** EXERCISE DESCRIPTION **
Once the line containing "Um caso de sucesso" is found in the material below, it and every line after it should be transcribed exactly, with pictures left out and nothing added.

↓

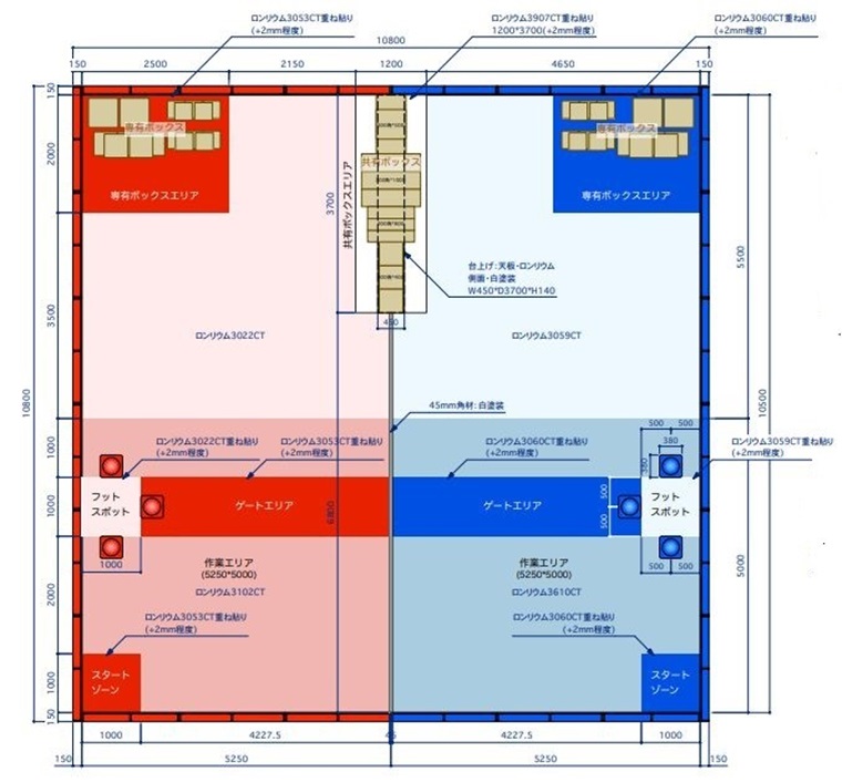 ロボットが自在に動き回る競技フィールドには、対戦相手ごとに青と赤ゾーンがあります。各ゾーンには下の図のように、作業エリアとゲートエリア、自チームだけが箱を取れる専有ボックスエリア、3つのパイロンが置かれたエリアのほか、競技相手も箱を取れる共有ボックスエリアがあります【★写真3】。
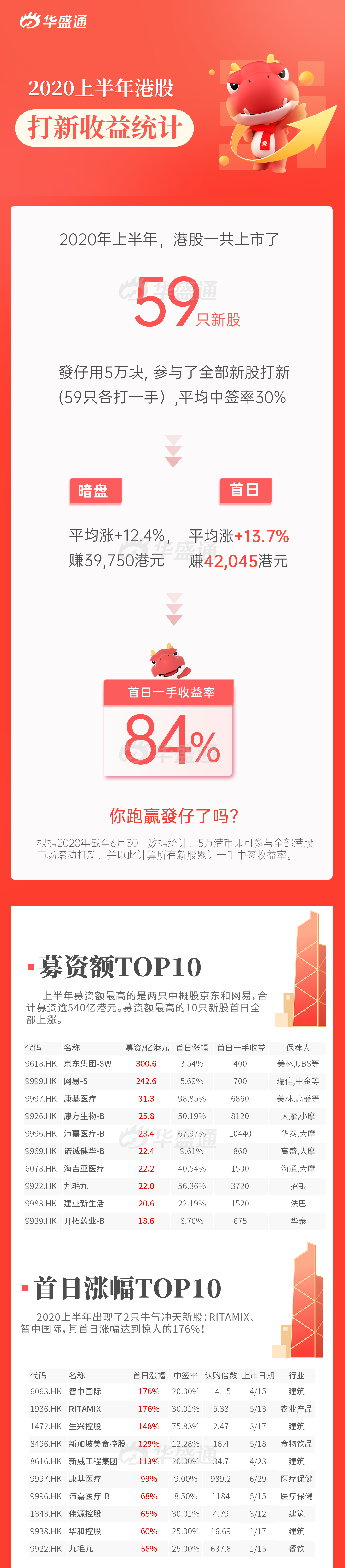 2020上半年,港股市场迎来59宗IPO(首发上市),合计募资约854.77亿港元。京东、网易位居募资额Top2,共计募资540亿港元,占总募资额63.17%。
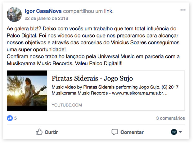 Um caso de sucesso recente que envolve meu leque de parcerias é a banda Piratas Siderais, que assinou contrato com a Universal Music e lançou oficialmente seu primeiro trabalho.
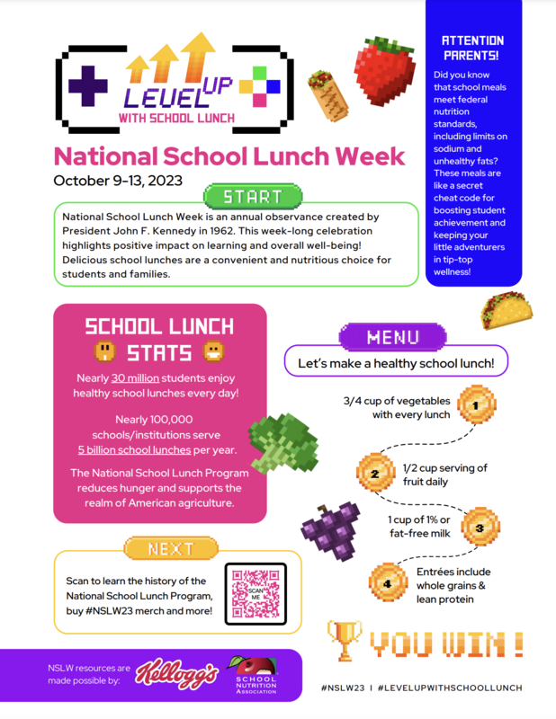 The “Level Up with School Lunch” campaign is made possible by the nonprofit School Nutrition Association and Kellogg’s. Parents and students can follow the fun on social media using the hashtags #NSLW23, #LevelUpWithSchoolLunch and #SchoolLunch.
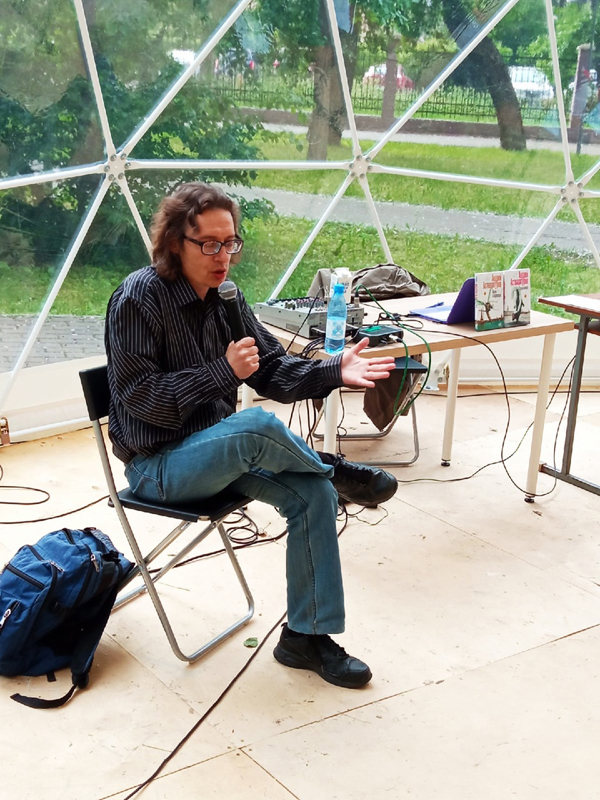 Побывал также на творческой встрече с Андреем Аствацатуровым. Серьëзный филолог, юмора показалось на встрече меньше, чем в его книгах.

↑

** OUTPUT OF THE EXERCISE **
 Um caso de sucesso recente que envolve meu leque de parcerias é a banda Piratas Siderais, que assinou contrato com a Universal Music e lançou oficialmente seu primeiro trabalho.
 The “Level Up with School Lunch” campaign is made possible by the nonprofit School Nutrition Association and Kellogg’s. Parents and students can follow the fun on social media using the hashtags #NSLW23, #LevelUpWithSchoolLunch and #SchoolLunch.
 Побывал также на творческой встрече с Андреем Аствацатуровым. Серьëзный филолог, юмора показалось на встрече меньше, чем в его книгах.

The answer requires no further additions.